Figure 2.

NAD⁺ and phosphate binding sites in AvGAPDH. (A) Binding pockets for the NAD⁺ cofactor (shown in sticks with carbon atoms in gray and all other atoms in CPK colors) and for the inorganic and substrate phosphate sites (“new P_i” and P_s sites, labeled). The placement of the P_i site in AvGAPDH as a “new P_i” site is consistent with the S. aureus GAPDH structure (PDB ID 3K73). Enzyme residues in direct contact with NAD⁺ are represented in sticks (carbon atoms in light green) and polar interactions (hydrogen bonds) are depicted as dotted lines. Residues predicted to participate in the stabilization of the inorganic and substrate phosphate groups (including the catalytic Cys168) are also shown as sticks (with carbon atoms in two different shades of dark green).

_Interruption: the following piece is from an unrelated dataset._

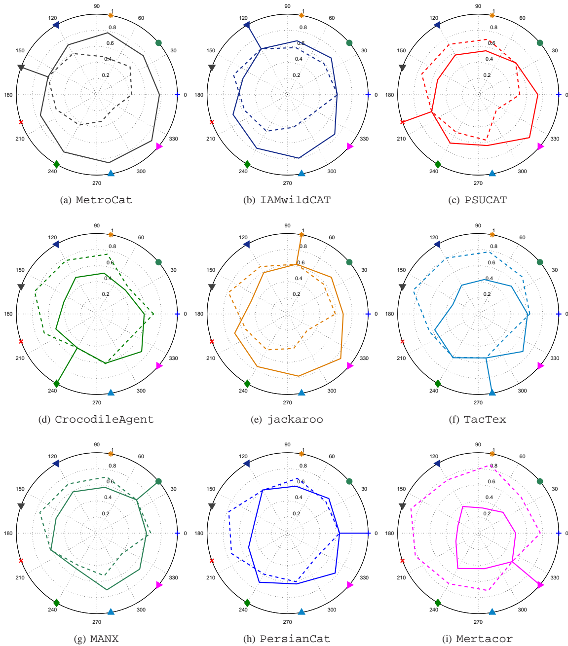
Figure 3: Payoffs of self and opponents in bilateral CAT games. On the outer circles starting from polar angle 0^\circ lists the 9 specialists anti-clockwise : PersianCat ( 0^\circ ), MANX ( 40^\circ ), jackaroo ( 80^\circ ), IAMwildCAT ( 120^\circ ), MetroCat ( 160^\circ ), PSUCAT ( 200^\circ ), CrocodileAgent ( 240^\circ ), TacTex ( 280^\circ ), and Mertacor ( 320^\circ ). The radial coordinates of the 9 vertices of a solid-line polygon represent the corresponding specialist’s payoffs against the 9 specialists respectively, and those of a dashed-line polygon represent payoffs of its opponents respectively. The overlapping vertex of the two polygons in each sub-figure is the self-play game for the particular specialist.

The AvGAPDH structural scaffold is shown in ribbons in depth-cued light colors. (B) Omit map showing unbiased electron density map of NAD⁺ cofactor in AvGAPDH. Unbiased omit map calculated with molecular replacement phases (prior to building the cofactor and solvent structures and prior to refinement) contoured at 1.5 σ revealing the presence of the NAD⁺ cofactor at full occupancy. For comparison, electron density map for the final model of the NAD⁺ cofactor displayed at the same contour level (right). The figure was produced with PyMOL (Schrodinger LLC).